**Work to be completed:**
Once you find the line with "The rate of" in the listing below, set down exactly every line from it through the line with "mDesign Kitchen Cabinet", but no pictures.

**Supplied material:**
--- START ---

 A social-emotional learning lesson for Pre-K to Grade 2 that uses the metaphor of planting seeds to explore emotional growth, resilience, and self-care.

--- END ---
--- START ---

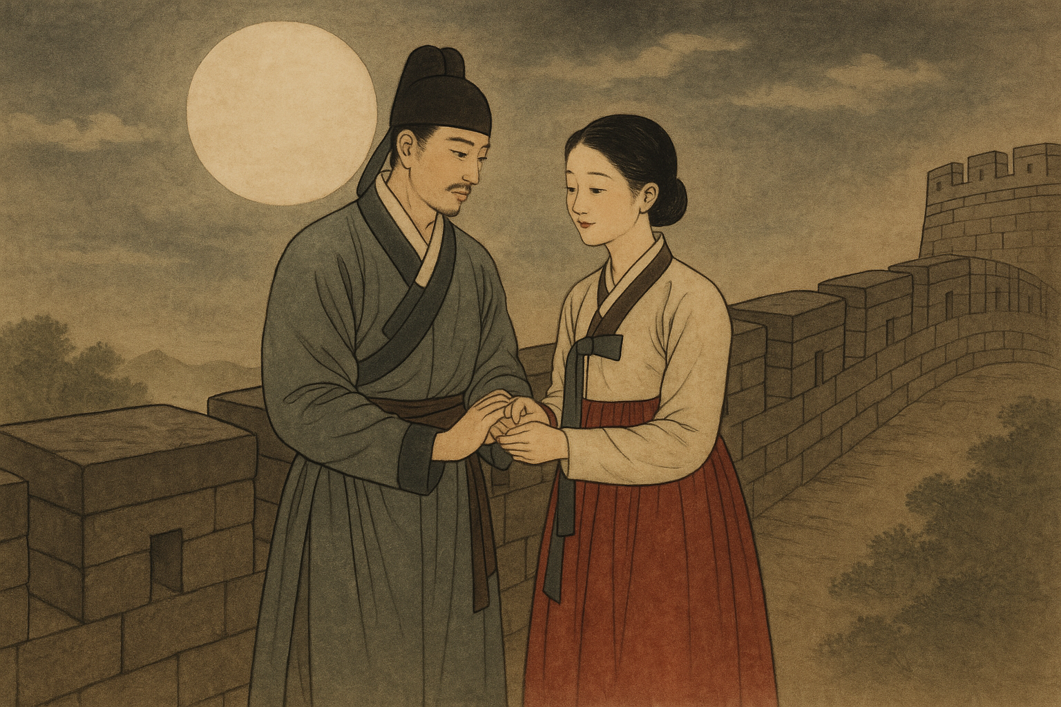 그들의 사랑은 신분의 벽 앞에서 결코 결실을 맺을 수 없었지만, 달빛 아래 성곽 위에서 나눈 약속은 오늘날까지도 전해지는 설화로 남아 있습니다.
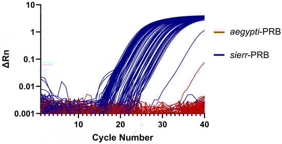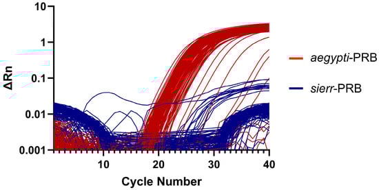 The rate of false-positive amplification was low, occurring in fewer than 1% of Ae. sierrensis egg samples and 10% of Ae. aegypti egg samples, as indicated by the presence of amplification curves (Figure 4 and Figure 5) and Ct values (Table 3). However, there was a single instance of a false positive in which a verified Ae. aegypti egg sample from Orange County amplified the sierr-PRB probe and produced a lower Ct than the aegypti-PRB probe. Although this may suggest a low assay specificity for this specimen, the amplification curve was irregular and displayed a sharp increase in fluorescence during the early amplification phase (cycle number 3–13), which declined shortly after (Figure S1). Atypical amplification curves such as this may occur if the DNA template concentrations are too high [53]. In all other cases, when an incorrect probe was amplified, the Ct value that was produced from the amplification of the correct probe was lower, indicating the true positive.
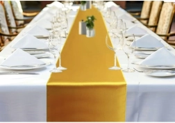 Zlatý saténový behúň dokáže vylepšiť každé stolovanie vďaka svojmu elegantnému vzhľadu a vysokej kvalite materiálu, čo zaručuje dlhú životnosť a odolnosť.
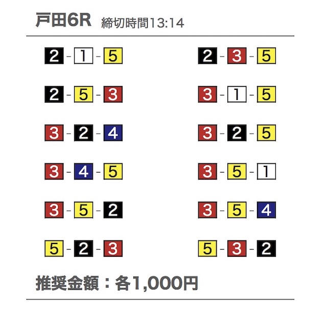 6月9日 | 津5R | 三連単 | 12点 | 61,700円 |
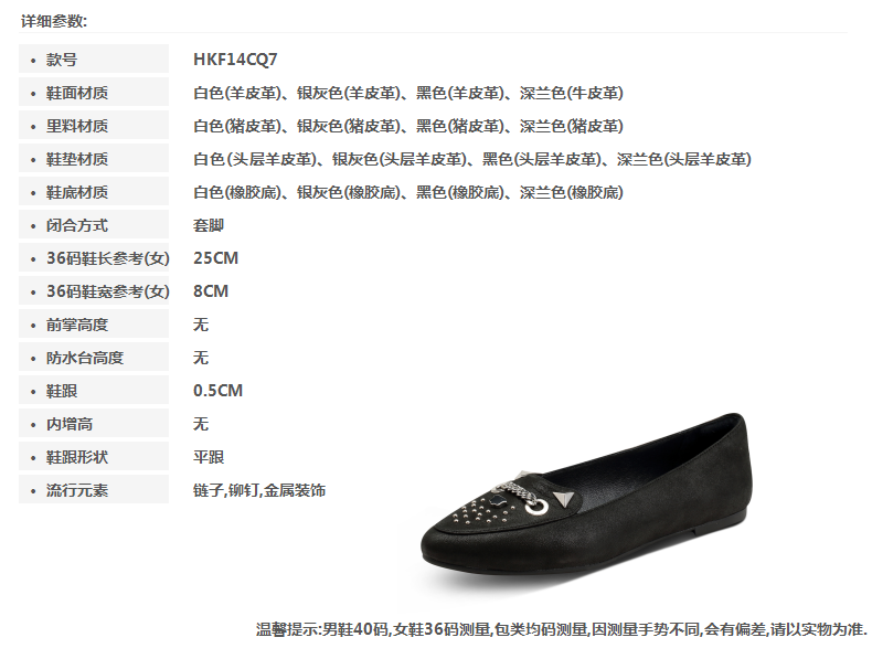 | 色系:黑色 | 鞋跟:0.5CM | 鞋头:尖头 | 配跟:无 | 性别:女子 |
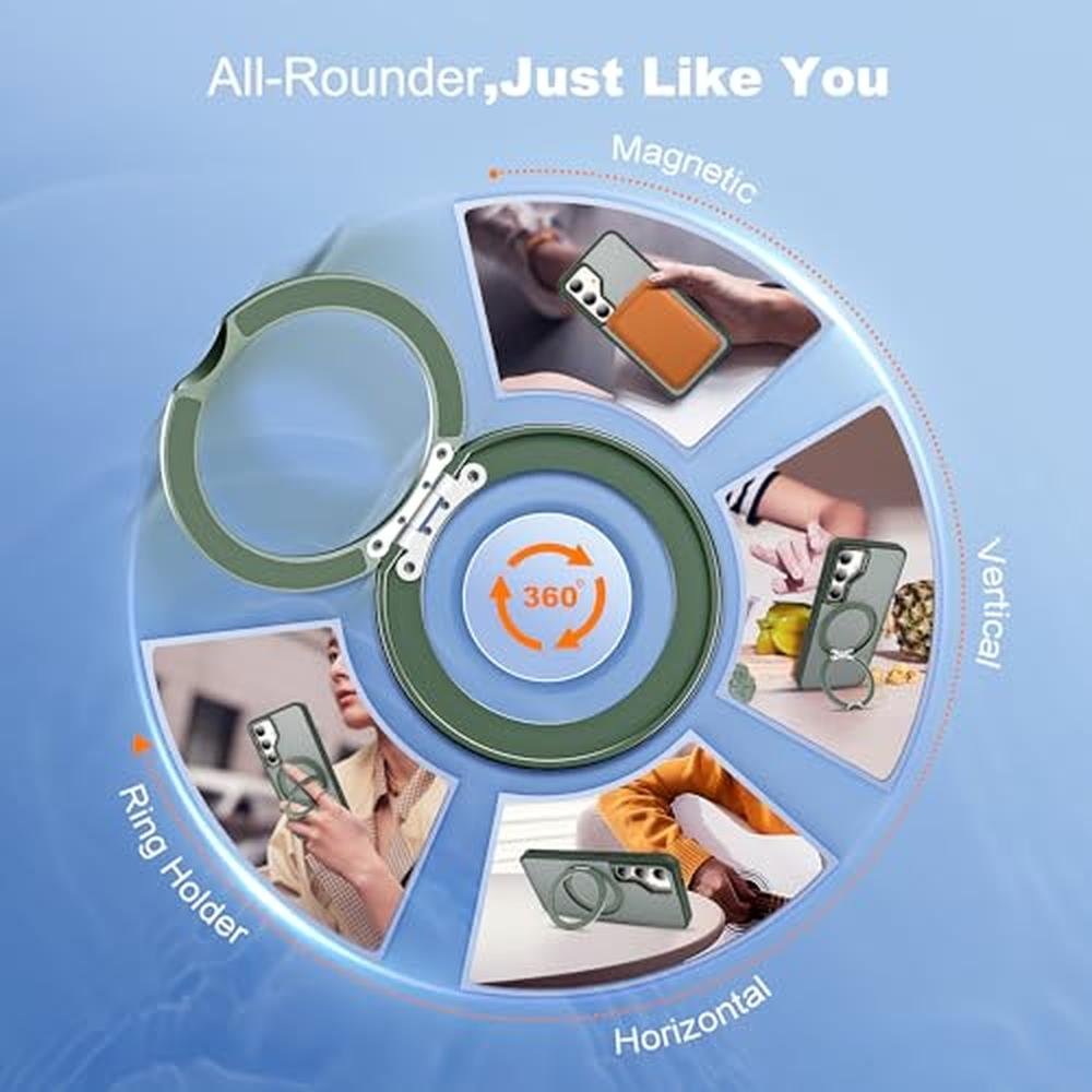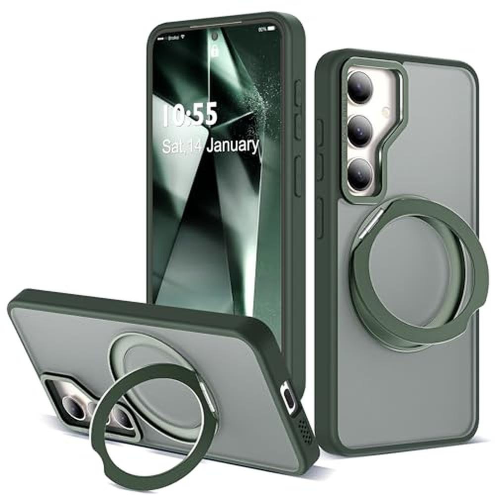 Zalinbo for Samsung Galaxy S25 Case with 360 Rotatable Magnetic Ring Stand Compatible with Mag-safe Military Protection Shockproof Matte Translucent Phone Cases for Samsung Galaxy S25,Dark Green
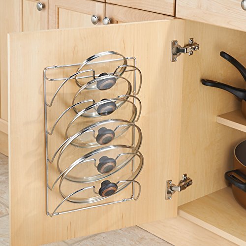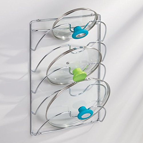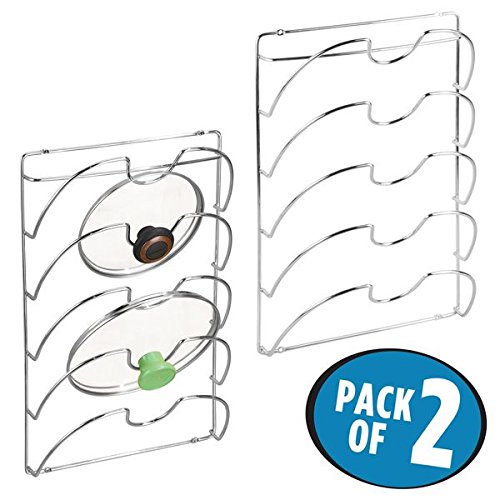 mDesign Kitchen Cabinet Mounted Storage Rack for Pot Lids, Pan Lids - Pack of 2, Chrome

--- END ---

**Your solution:**
 The rate of false-positive amplification was low, occurring in fewer than 1% of Ae. sierrensis egg samples and 10% of Ae. aegypti egg samples, as indicated by the presence of amplification curves (Figure 4 and Figure 5) and Ct values (Table 3). However, there was a single instance of a false positive in which a verified Ae. aegypti egg sample from Orange County amplified the sierr-PRB probe and produced a lower Ct than the aegypti-PRB probe. Although this may suggest a low assay specificity for this specimen, the amplification curve was irregular and displayed a sharp increase in fluorescence during the early amplification phase (cycle number 3–13), which declined shortly after (Figure S1). Atypical amplification curves such as this may occur if the DNA template concentrations are too high [53]. In all other cases, when an incorrect probe was amplified, the Ct value that was produced from the amplification of the correct probe was lower, indicating the true positive.
 Zlatý saténový behúň dokáže vylepšiť každé stolovanie vďaka svojmu elegantnému vzhľadu a vysokej kvalite materiálu, čo zaručuje dlhú životnosť a odolnosť.
 6月9日 | 津5R | 三連単 | 12点 | 61,700円 |
 | 色系:黑色 | 鞋跟:0.5CM | 鞋头:尖头 | 配跟:无 | 性别:女子 |
 Zalinbo for Samsung Galaxy S25 Case with 360 Rotatable Magnetic Ring Stand Compatible with Mag-safe Military Protection Shockproof Matte Translucent Phone Cases for Samsung Galaxy S25,Dark Green
 mDesign Kitchen Cabinet Mounted Storage Rack for Pot Lids, Pan Lids - Pack of 2, Chrome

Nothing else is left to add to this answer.